This initiative provides eligible resident citizens with quarterly payments of approximately US$200 about $800 annually to address rising living costs, geographic isolation, and economic challenges in the Pacific nation of around 42,000 people.

Payments are distributed using USDM1, a digitally native sovereign bond fully backed 1:1 by short-term U.S. Treasury bills and issued under New York law. The system runs on the Stellar blockchain, enabling instant, low-cost transfers via the Lomalo mobile wallet built by Crossmint.

Developed with the Stellar Development Foundation (SDF) and Crossmint. Citizens can choose traditional methods (bank deposit or check) or the on-chain digital wallet. Initial uptake of the crypto option is low—only about a dozen opted for it in the first round, with ~60% choosing bank transfers.

The scattered atolls make physical cash deliveries costly and inefficient. Blockchain bypasses banking limitations, RMI relies on a single correspondent bank and reduces remittance fees. Supported by the Compact Trust Fund over $1.3 billion in assets, tied to U.S. compensation for historical nuclear testing.

Described as the first national UBI rollout globally, and uniquely blockchain-enabled at scale. It maintains U.S. dollar sovereignty without creating a new currency. This marks a milestone in real-world blockchain adoption for public finance, focusing on financial inclusion in remote areas.

The Republic of the Marshall Islands’ ENRA program, launched in late 2025, represents a pioneering real-world application of blockchain for national-scale social welfare.

By offering citizens the option to receive quarterly ~$200 payments via a blockchain-based digital wallet using the USDM1 sovereign bond on Stellar, alongside traditional methods, it addresses practical challenges while setting precedents in several areas.

The nation’s scattered atolls make traditional cash or bank transfers expensive and slow. Blockchain enables instant, low-cost disbursements, bypassing limited banking infrastructure. This reduces logistical costs and improves reliability for outer-island residents.

As the first nationwide on-chain UBI, it demonstrates blockchain’s utility beyond speculation—for transparent, auditable public finance.
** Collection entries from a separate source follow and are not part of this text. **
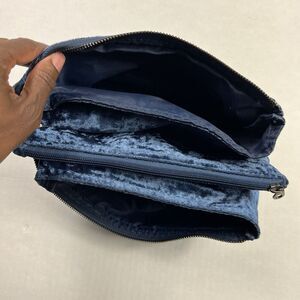 Isabella Scott Blue Velvet Clutch Cosmetic Bag 3 Zip Pockets Make-up Pouch FLAW
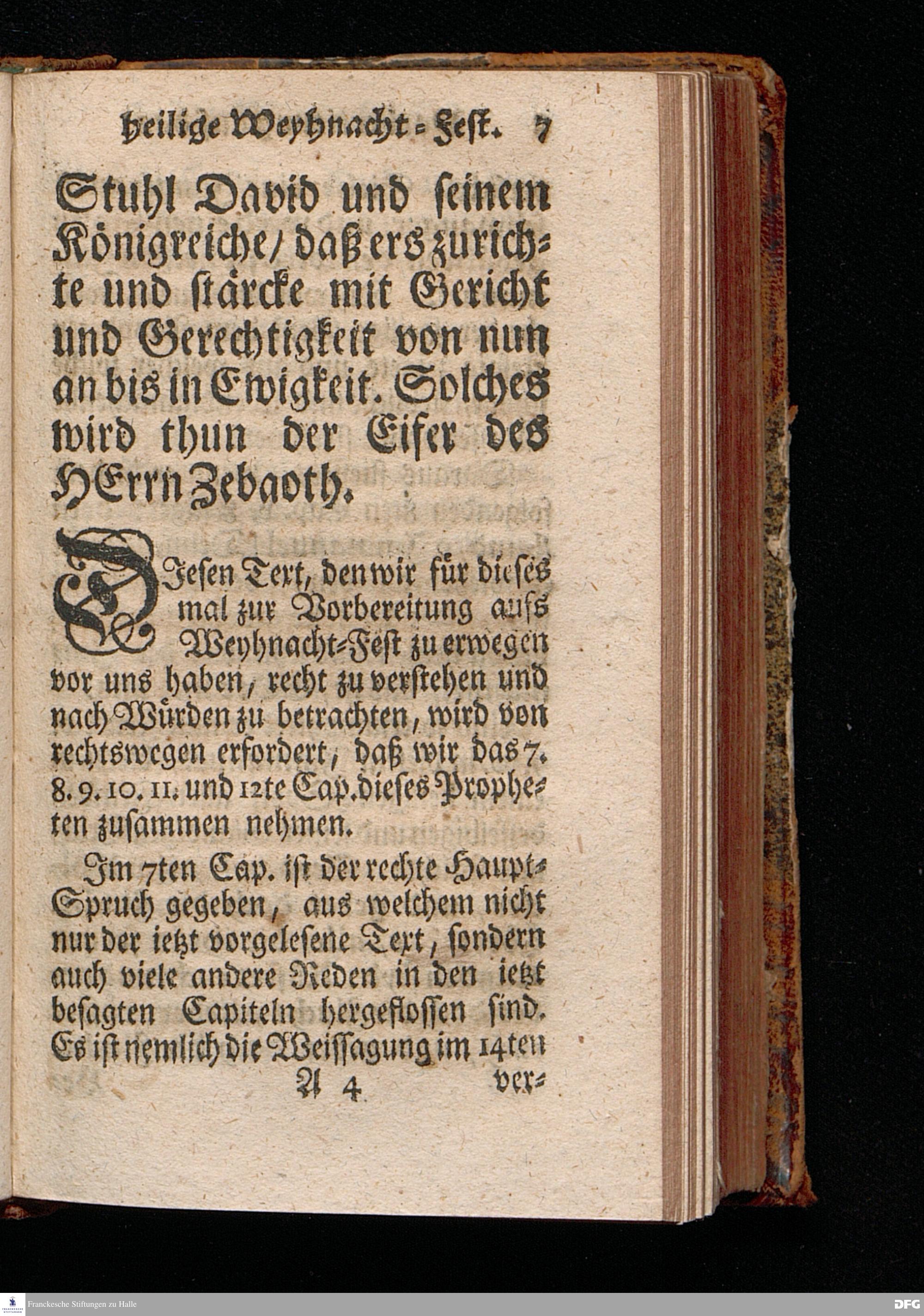 Vorbereitung auf das Weyhnacht=Fest / aus den Worten Jes.IX, 6.7. [Bibeltext;] den 23.Decembr.1720. in volckreicher Versammlung auf dem Wäysen=Hause zu Glaucha an Halle ertheilet von August Hermann Francken / S.Th.Prof.Past.Vlr.& Schol. Andere Auflage. HALLE, zu finden im Wäysen=Hause 1730.
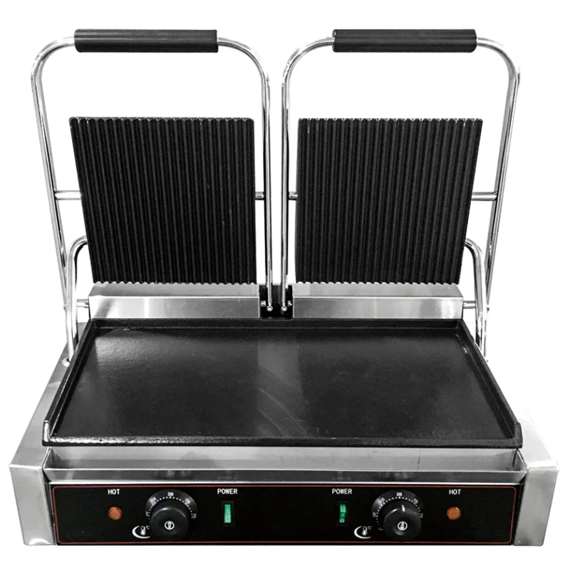 Profesjonalny Grill Kontaktowy Podwójny - Płyta MIX (Góra Ryflowana / Dół Gładki)

Transactions are immutable and real-time verifiable, enhancing accountability without creating a new currency— USDM1 is fully backed by U.S. Treasuries and preserves USD sovereignty.

It demonstrates blockchain’s viability for transparent, efficient government disbursements at national scale. By enabling instant, low-cost transfers via the Lomalo wallet, it solves logistical nightmares in remote atolls while maintaining full USD backing and sovereignty—no new currency is created.
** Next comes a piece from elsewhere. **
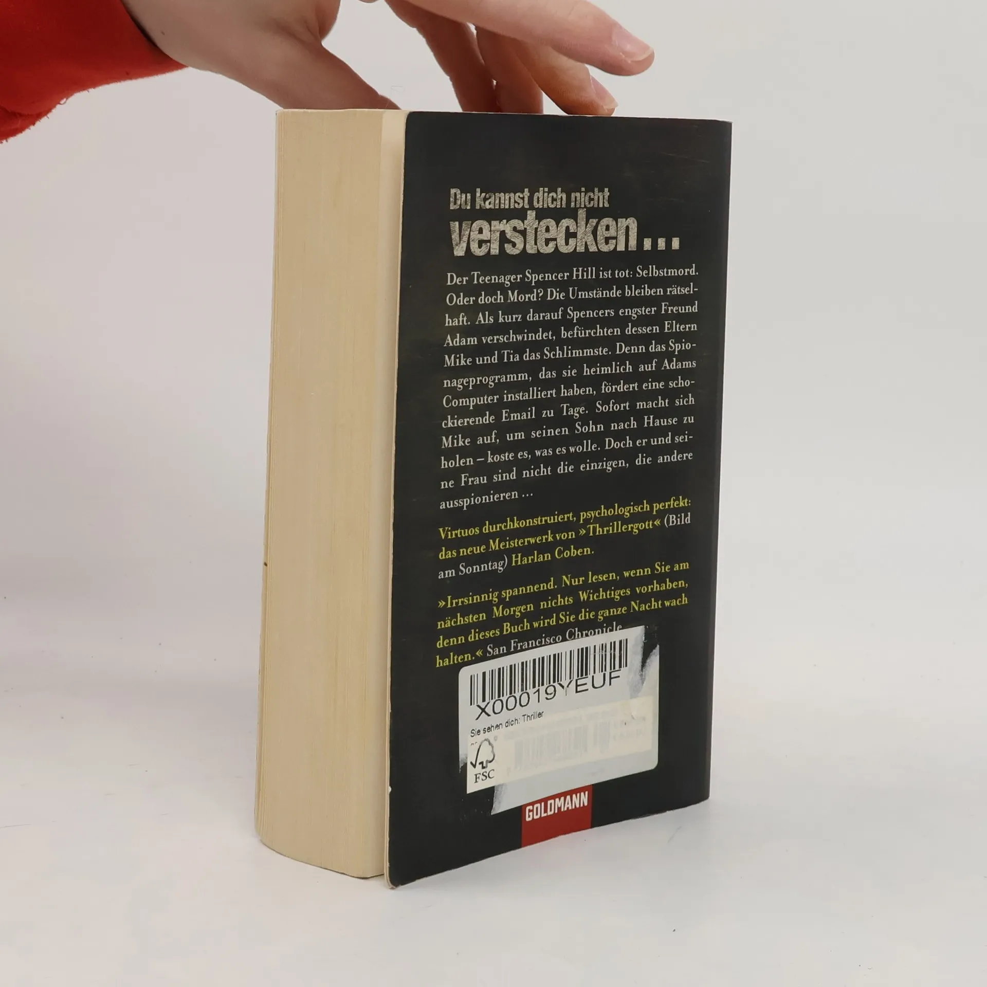 Harlan Cobens bislang beklemmendster Thriller! Der Teenager Spencer Hill ist tot: Selbstmord. Oder doch Mord? Als sein engster Freund Adam Baye verschwindet, befürchten dessen Eltern Mike und Tia das Schlimmste. In der Sorge um ihren Sohn haben sie heimlich ein Spionageprogramm auf Adams Computer installiert, das schon bald eine bedrohliche E-Mail zu Tage fördert. Alarmiert und schockiert macht sich nun Mike selbst auf, um seinen Sohn nach Hause zu holen – koste es, was es wolle. Doch er und seine Frau sind nicht die einzigen, die andere ausspionieren ...Virtuos durchkonstruiert und psychologisch perfekt!

This shifts blockchain’s narrative from hype to operational impact, providing a compliant model for sovereign digital assets. In geographically challenged nations, it bypasses limited banking infrastructure, reduces fraud risks, and lowers costs.

Modest payments ~$200 quarterly can have outsized effects on living standards, health, education, and small businesses, particularly empowering women through direct individual transfers.

As the world’s first permanent nationwide UBI and blockchain-enabled, it offers a blueprint for other small or developing economies, especially in the Pacific, facing similar isolation or de-risking by global banks.

It could inspire digital welfare systems, programmable payments, and alternatives to CBDCs—using tokenized treasuries for secure social programs without central bank complexities.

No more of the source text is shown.